Un ensayo aleatorizado con 532 estudiantes de Connecticut observó una mejoría modesta pero sostenida durante un año entre quienes utilizaron PlaySmart
Redactor: Javier Morales O.
Editor: Karem Díaz S.
Un videojuego educativo diseñado para fortalecer habilidades de salud mental se asoció con una reducción sostenida de los síntomas depresivos en adolescentes. El resultado procede de un ensayo clínico aleatorizado con 532 estudiantes de secundaria de Connecticut, Estados Unidos, desarrollado por investigadores de la Facultad de Medicina Geisel de Dartmouth.
El estudio, publicado el 17 de agosto de 2026 en JAMA Network Open, comparó el videojuego PlaySmart con juegos comerciales que no incluían contenidos terapéuticos. Después de doce meses, el grupo que utilizó la intervención educativa obtuvo una puntuación media de síntomas depresivos inferior a la registrada en el grupo de control.
Los investigadores describieron la mejoría como modesta y sostenida. El hallazgo respalda el posible uso de los videojuegos específicamente diseñados para la prevención y promoción de la salud mental, pero no significa que cualquier videojuego produzca beneficios ni que PlaySmart sustituya la evaluación y el tratamiento profesionales de la depresión.
El ensayo incluyó a estudiantes de 16 a 19 años
Los participantes tenían entre 16 y 19 años y procedían de 15 programas de salud ubicados en escuelas de Connecticut. Fueron incorporados al ensayo entre octubre de 2021 y febrero de 2024, mientras que el análisis de los datos concluyó en noviembre de 2025.
Para participar, los jóvenes debían haber informado durante el mes anterior el consumo de alcohol, cannabis, nicotina mediante vapeo u otras sustancias distintas de los opioides, o presentar síntomas elevados de depresión o ansiedad en las pruebas iniciales. Las personas con antecedentes de consumo indebido de opioides quedaron excluidas.
El grupo de intervención estuvo formado por 269 estudiantes, mientras que otros 263 fueron asignados al control activo. La edad media fue de 16,6 años y el 53,4 % de la muestra correspondió a varones.
Los adolescentes utilizaron PlaySmart durante aproximadamente 300 minutos repartidos a lo largo de seis semanas, equivalentes a cerca de una hora semanal después de clases. El grupo de comparación dedicó un tiempo semejante a videojuegos comerciales de rol sin contenido específico de salud mental.
Las decisiones forman parte del aprendizaje
PlaySmart fue desarrollado por el laboratorio play2PREVENT de Dartmouth mediante un proceso de codiseño con jóvenes. El juego emplea historias interactivas para enseñar reconocimiento emocional, resolución de problemas y actitudes favorables hacia la búsqueda de asistencia psicológica.

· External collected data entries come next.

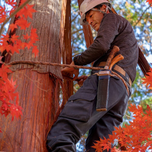【4】「히노피 채취 히와다사이슈」×장**개최종 천년 이상에 걸쳐 일본의 전통건축을 지탱해 온 「히와다부키」그 지붕재가 되는 히노피(히와다)를, 나무를 손상시키지 않고 정중하게 채취하는 전문직을 「원피사(모토카와시)」라고 부릅니다. 이 강연회에서는, 몇 안되는 현역의 원피사를 초대해, 히노피 채취의 기술이나, 산과의 마주하는 방법, 자연과 함께 일하는 지혜에 대해 이야기해 주십니다.
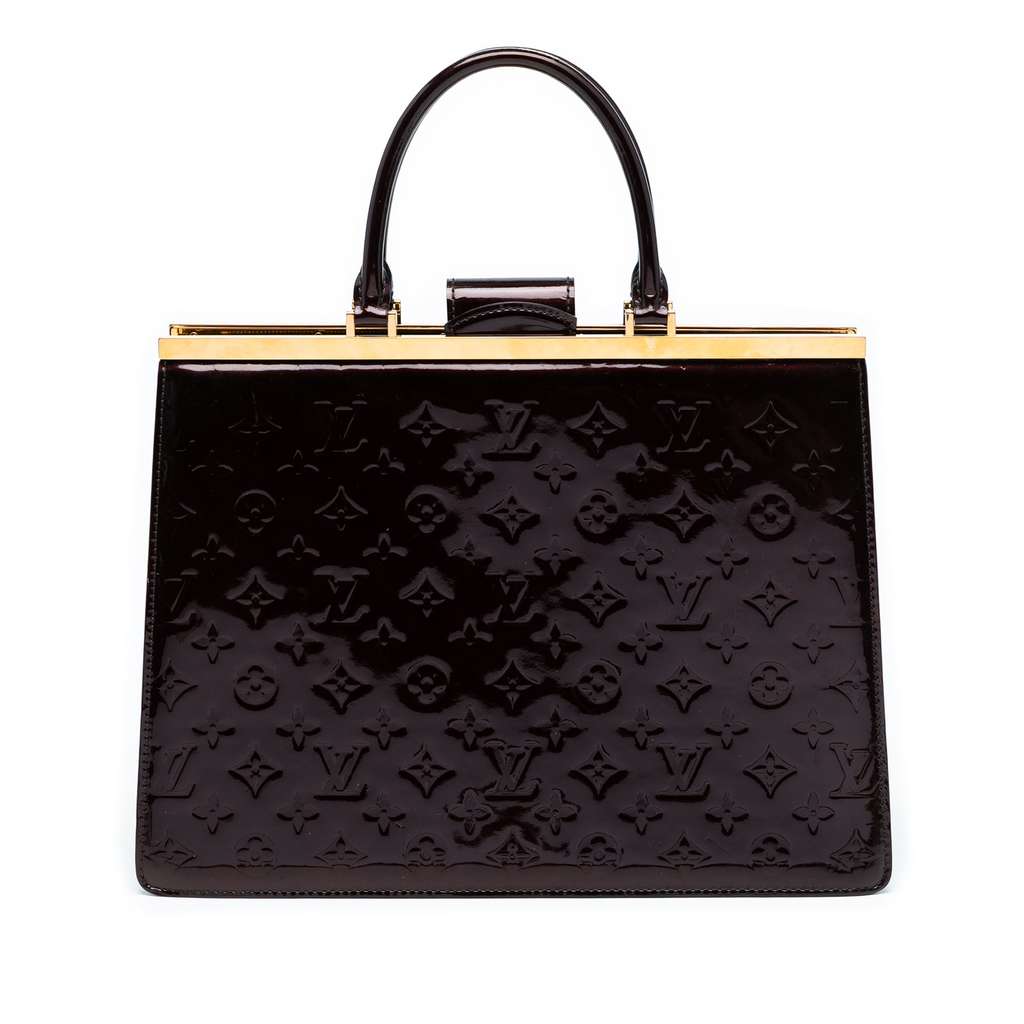 The Deesse GM features a monogram vernis leather body, rolled leather handles, a metal frame with a snap closure, an interior zip compartment, and interior slip pockets.
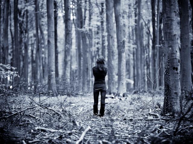 Обои Одинокая девушка в лесу
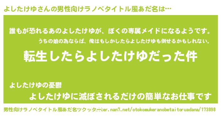 | 女子向けラノベタイトル風あだ名 | 『婚約破棄系悪役よしたけゆに転生したので、保身に走りました。』 |
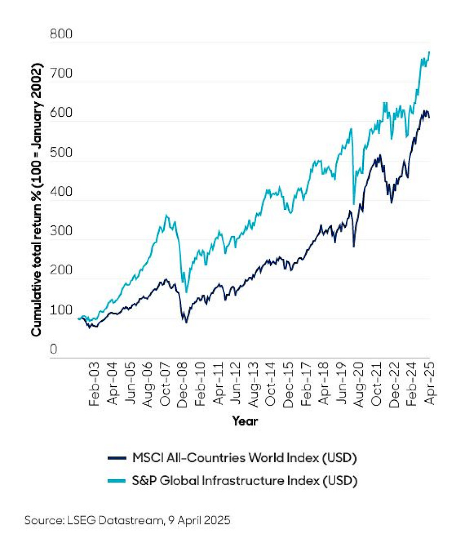 Der Trump'sche Zollschock hat weltweit zu erheblichen Marktverwerfungen geführt. Die Anleger orientieren sich nun naturgemäss auf sichere Anlagen, die inmitten all der Volatilität ein gewisses Mass an Stabilität bieten können. «Wir sind der Meinung, dass die Infrastruktur viele Kriterien erfüllt und in der turbulenten Welt von heute eine solide Grundlage bietet», schreibt Josh Duitz von Aberdeen.
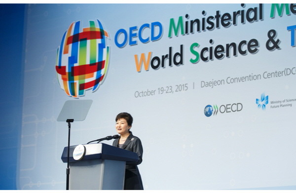 ▲ 박근혜 대통령이 지난 20일 오후 대전 유성구 대전컨벤션센터(DCC)에서 열린 ‘2015 경제협력개발기구(OECD) 과학기술장관회의’ 개회식에서 축사하고 있다.<사진출처=청와대 홈페이지> |
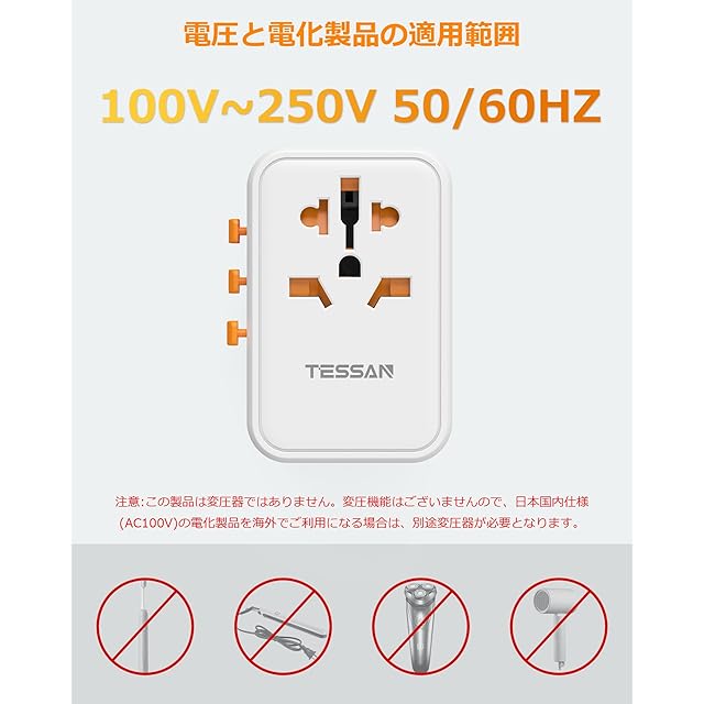 【ご注意】本製品に変圧機能はございませんので、日本国内仕様(AC100V)の電化製品を海外でご利用になる場合は、別途変圧器が必要となります。 また、炊飯器、ヘアドライヤーなどの高出力電化製品は変圧器と併用してご使用いただく必要があります。ご使用の際は必ず電圧をご確認ください。100-250V対応と表記の電化製品は海外仕様電化製品のため、変圧器がなくても使用可能です。(ヒューズの最大負荷電流は10Aで、電圧110Vの国で使用の場合は最大電力110V*10A=1100W以内の電器対応で、250Vの国で使用の場合は最大電力250V*10A=2500W以内の電器を対応します)。
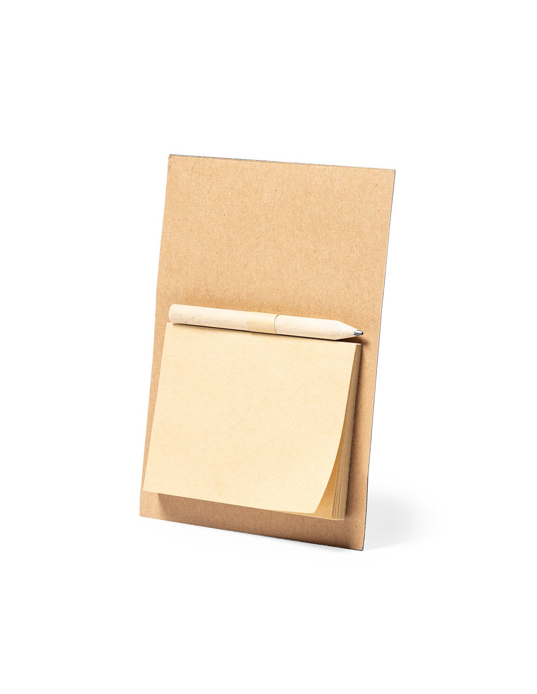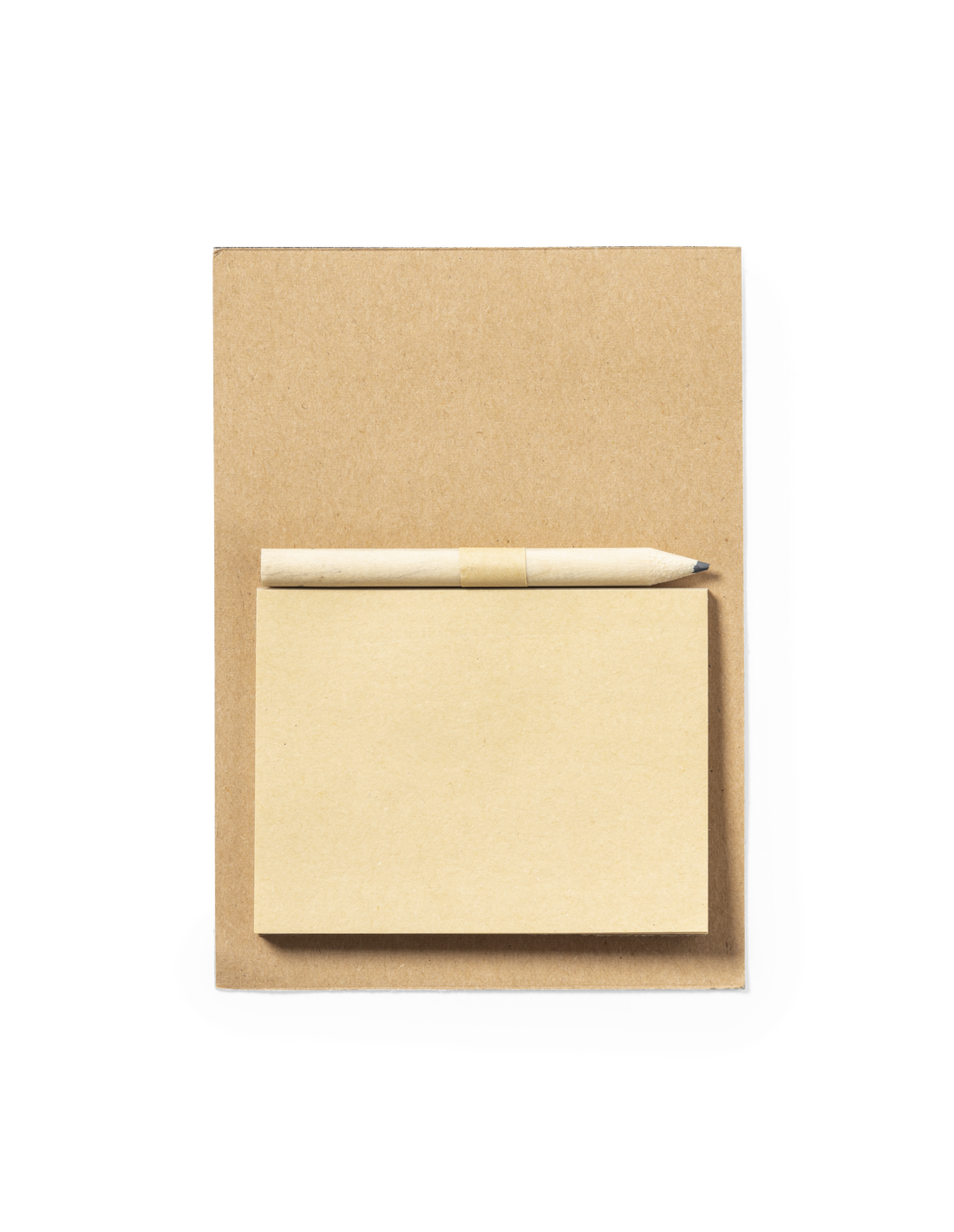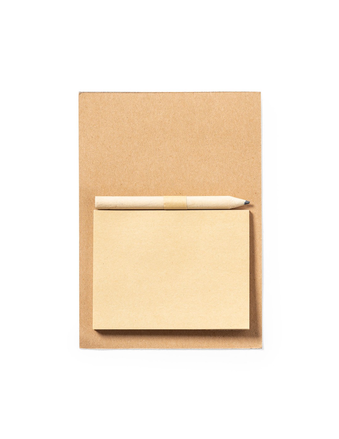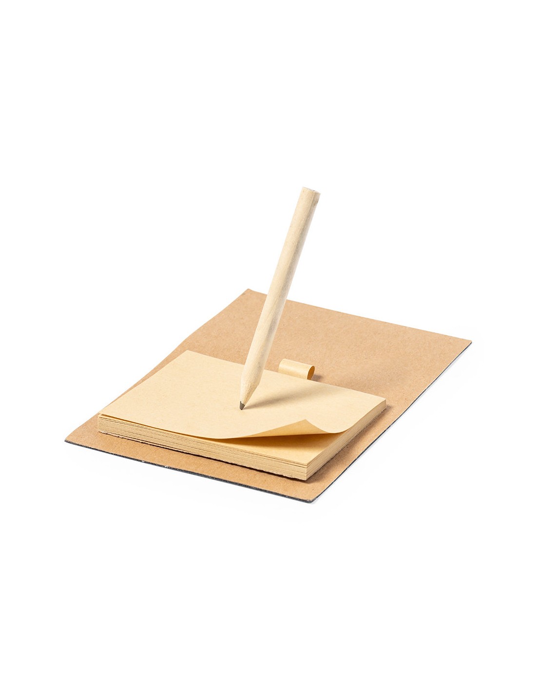 Imán para notas de línea nature. Fabricado en resistente papel reciclado, incluye minilápiz de madera y bloc de notas con 40 hojas lisas en color crema.
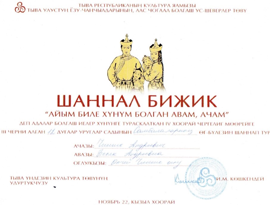 С целью сохранения и популяризации тувинской национальной культуры, развития творческого потенциала у семей, воспитания интереса и уважения к наследию предков, традиционной культуре 22 ноября состоялся городской конкурс «Айым биле хунум болган авам, ачам!», посвященного ко дню Матерей и Отцов.
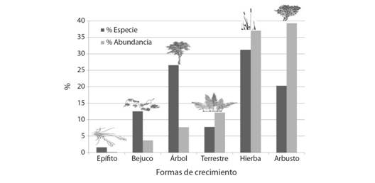 Formas de crecimiento: Se registraron 924 individuos, en seis formas de crecimiento. De la abundancia total, 79 individuos estaban en etapa de plántula.Los arbustos son los más abundantes (363 individuos/39.3 %), seguido de hierbas (342/37 %) y terrestres (112/12.2 %). A nivel específico, las hierbas fueron las más representativas (21 sp./31.25 %), seguido de árboles (17/26.6 %), y arbustos (13/20.3 %); y aunque, los helechos presentan grandes coberturas (6.25 m2), su porcentaje de especies es significativamente menor (5 sp./8.9 %) (Fig. 1).
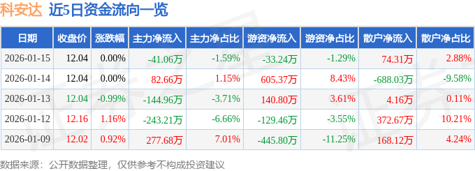 证券之星消息,截至2026年1月15日收盘,科安达(002972)报收于12.04元,上涨0.0%,换手率1.59%,成交量2.14万手,成交额2576.65万元。
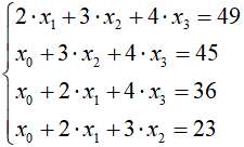 metodą eliminacji Gaussa-Crouta --------------------------------------------------------------------- Wpisz dane wejściowe: 4 0 2 3 4 49 1 0 3 4 45 1 2 0 4 36 1 2 3 0 23 x0 = 2.00000 x1 = 3.00000 x2 = 5.00000 x3 = 7.00000 |
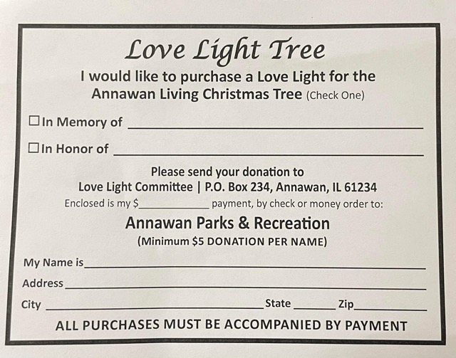 The Annawan Parks & Recreation is hosting its annual Love Light Campaign, inviting community members to purchase lights for the Living Christmas Tree in memory or honor of loved ones. Each light requires a minimum donation of five dollars, sent to the Love Light Committee at P.O. Box 234, Annawan, Illinois. Love Light Tree forms are due November 18, 2024. The 2024 Celebration is November 24th.
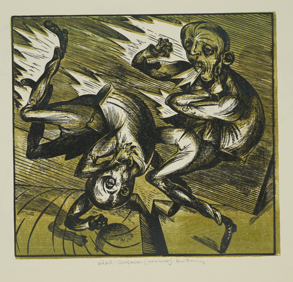 Galerie für R.M.R. "Draußensein - (und ich in Lohe)"Mappe: A. + G. Lichtenstein Stiftung zu R. M. Rilke "Du musst dein Leben ändern."Farbholzschnitt, 28,0x30,5 39,0x53,5 cm, XVI/XVII 2014Hirsch Karl-Georg

El jugador asume el papel principal y debe tomar decisiones frente a situaciones inspiradas en experiencias reales. Entre ellas se encuentran identificar posibles señales de depresión en un amigo o decidir si corresponde acudir a un adulto de confianza ante una situación difícil.
Las decisiones saludables producen resultados más favorables para los personajes, mientras que otras elecciones muestran consecuencias adversas. Una función permite retroceder dentro de la historia para analizar las decisiones tomadas, ensayar alternativas y observar cómo pueden cambiar los resultados.
Este diseño diferencia a PlaySmart de los videojuegos creados exclusivamente para el entretenimiento. También ayuda a explicar por qué no deben generalizarse sus resultados a todo el tiempo frente a pantallas. Investigaciones anteriores han relacionado el uso recreativo prolongado de pantallas con mayor malestar psicológico, especialmente cuando desplaza el sueño, la actividad física o la interacción social.
Una diferencia significativa a los doce meses
Los síntomas depresivos fueron medidos con el cuestionario PHQ-8, una herramienta de detección formada por ocho preguntas. A los doce meses, el grupo de PlaySmart obtuvo una puntuación media ajustada de 5,30, frente a 6,42 en el grupo de control.
La diferencia ajustada fue de 1,12 puntos a favor de la intervención, con un intervalo de confianza del 95 % situado entre 0,38 y 1,85 puntos. El tamaño del efecto fue pequeño, pero la evolución de las puntuaciones durante el seguimiento mostró una diferencia estadísticamente significativa entre ambos grupos.
El análisis no encontró un efecto equivalente sobre los síntomas de ansiedad medidos mediante la escala GAD-7. Tampoco se observaron asociaciones en otros resultados, como la regulación emocional o las intenciones declaradas de pedir ayuda.
Después de seis semanas, los participantes del grupo de intervención sí expresaron creencias ligeramente más favorables sobre los servicios psicológicos. Un análisis exploratorio indicó que este cambio pudo explicar parcialmente la reducción de síntomas depresivos observada a los seis meses, pero no se identificó el mismo efecto mediador a los tres o doce meses.
El contexto de las pantallas resulta determinante
Los resultados no contradicen las advertencias sobre el uso excesivo de dispositivos. Un videojuego estructurado, utilizado durante un tiempo limitado y con objetivos conductuales definidos no equivale a permanecer varias horas frente a contenidos recreativos sin supervisión.
El exceso de pantalla puede interferir con el descanso, y un estudio previo relacionó las alteraciones del sueño con síntomas depresivos en adolescentes. Por ello, una intervención digital debe integrarse sin desplazar las horas de sueño, el ejercicio, las relaciones presenciales ni otras actividades necesarias para el desarrollo.
La forma de utilizar el dispositivo también importa. Expertos han advertido que recurrir sistemáticamente a una pantalla para silenciar emociones puede dificultar que niños y adolescentes aprendan a reconocer y regular su malestar. Ese riesgo se analiza en las recomendaciones sobre el uso de dispositivos como sustitutos de la contención emocional.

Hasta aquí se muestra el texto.